=== Stored data ===
◆ ◆ ◆ ◆ ◆ ◆ ◆

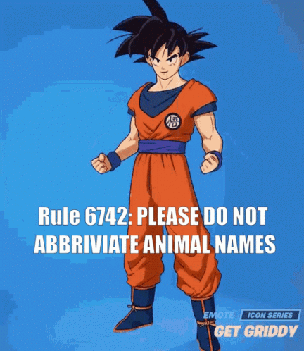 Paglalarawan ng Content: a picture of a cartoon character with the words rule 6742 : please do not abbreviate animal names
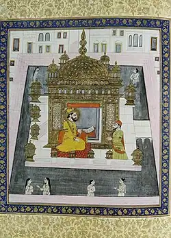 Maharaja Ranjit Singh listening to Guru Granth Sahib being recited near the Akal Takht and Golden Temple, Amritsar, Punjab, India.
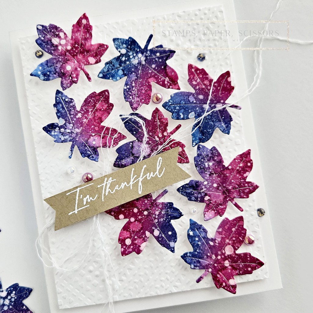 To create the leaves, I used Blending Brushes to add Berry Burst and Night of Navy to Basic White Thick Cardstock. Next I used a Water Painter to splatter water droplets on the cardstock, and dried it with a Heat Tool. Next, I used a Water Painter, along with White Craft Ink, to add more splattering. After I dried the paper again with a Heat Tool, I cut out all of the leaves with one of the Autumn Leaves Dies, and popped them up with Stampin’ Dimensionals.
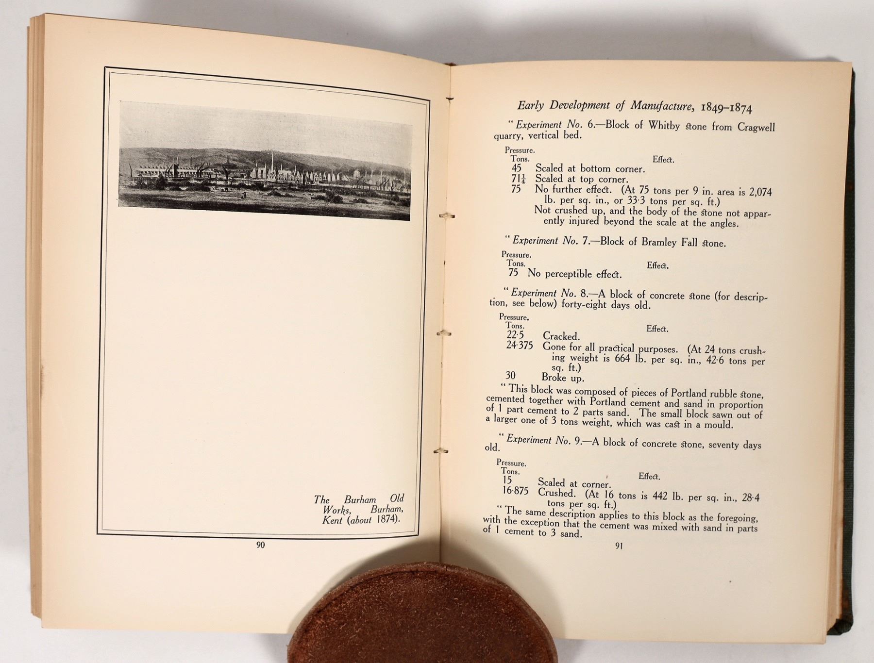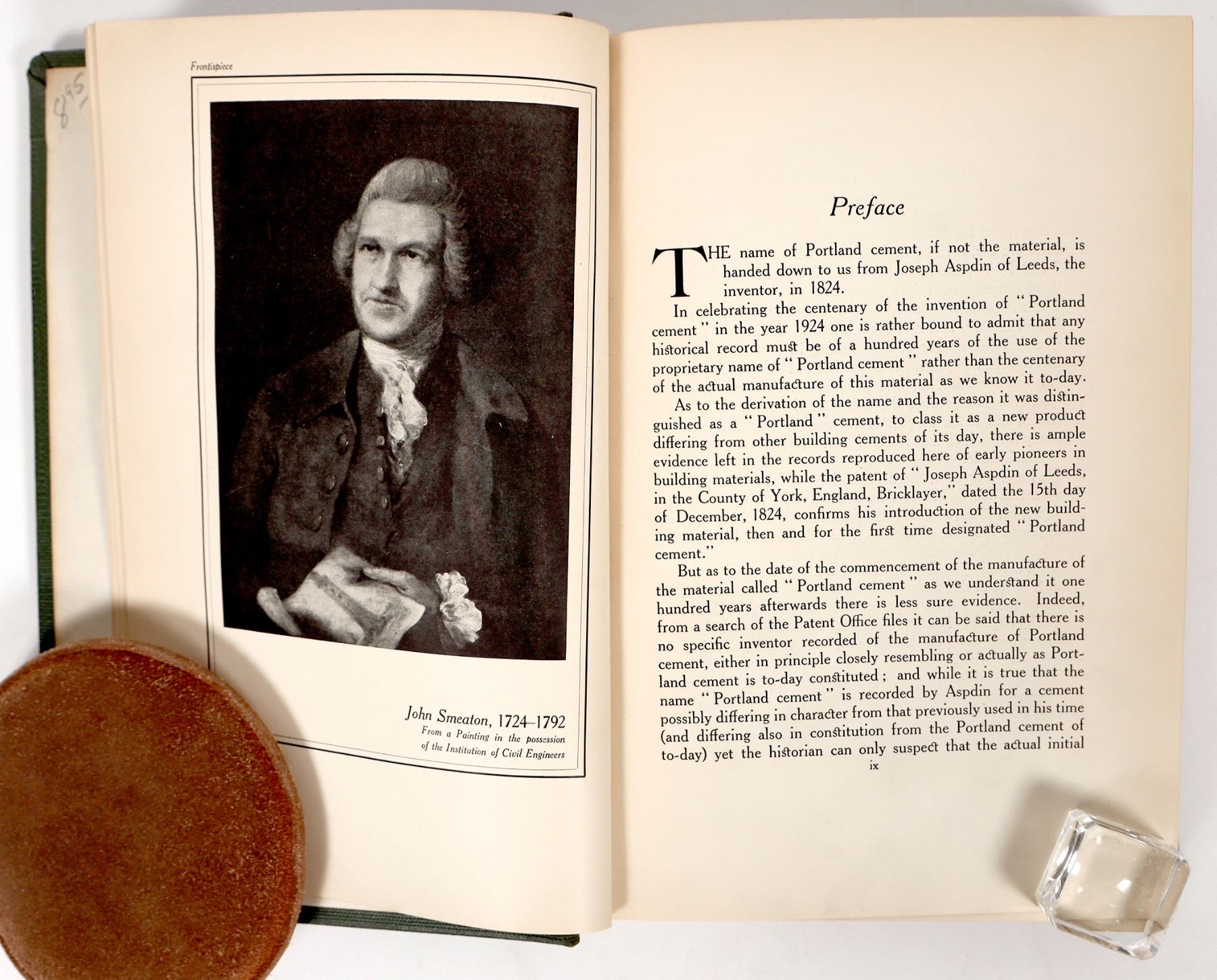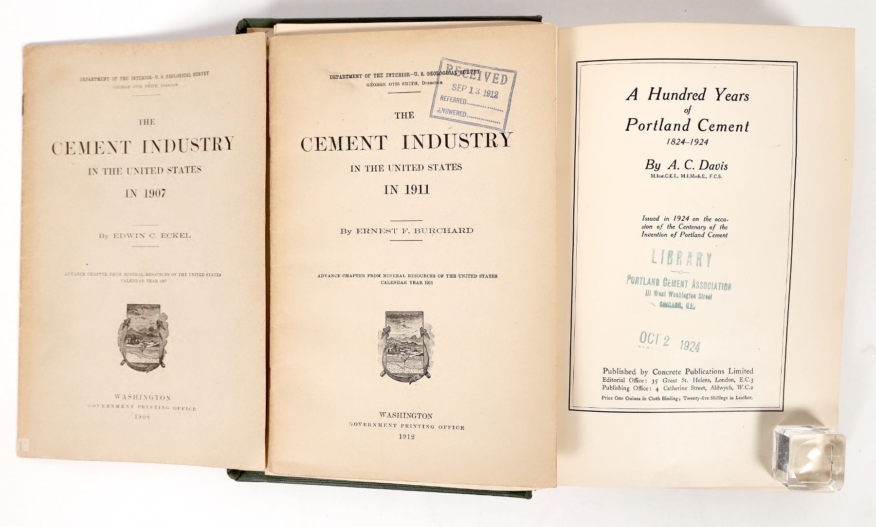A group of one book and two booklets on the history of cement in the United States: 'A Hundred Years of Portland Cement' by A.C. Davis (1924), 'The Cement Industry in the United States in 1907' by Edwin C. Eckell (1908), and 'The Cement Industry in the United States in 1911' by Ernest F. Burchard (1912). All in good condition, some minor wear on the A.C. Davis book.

◆ ◆ ◆ ◆ ◆ ◆ ◆

=== Assigned task ===
Take the material above and set it down exactly, minus the images.

=== Response ===
 Paglalarawan ng Content: a picture of a cartoon character with the words rule 6742 : please do not abbreviate animal names
 Maharaja Ranjit Singh listening to Guru Granth Sahib being recited near the Akal Takht and Golden Temple, Amritsar, Punjab, India.
 To create the leaves, I used Blending Brushes to add Berry Burst and Night of Navy to Basic White Thick Cardstock. Next I used a Water Painter to splatter water droplets on the cardstock, and dried it with a Heat Tool. Next, I used a Water Painter, along with White Craft Ink, to add more splattering. After I dried the paper again with a Heat Tool, I cut out all of the leaves with one of the Autumn Leaves Dies, and popped them up with Stampin’ Dimensionals.
A group of one book and two booklets on the history of cement in the United States: 'A Hundred Years of Portland Cement' by A.C. Davis (1924), 'The Cement Industry in the United States in 1907' by Edwin C. Eckell (1908), and 'The Cement Industry in the United States in 1911' by Ernest F. Burchard (1912). All in good condition, some minor wear on the A.C. Davis book.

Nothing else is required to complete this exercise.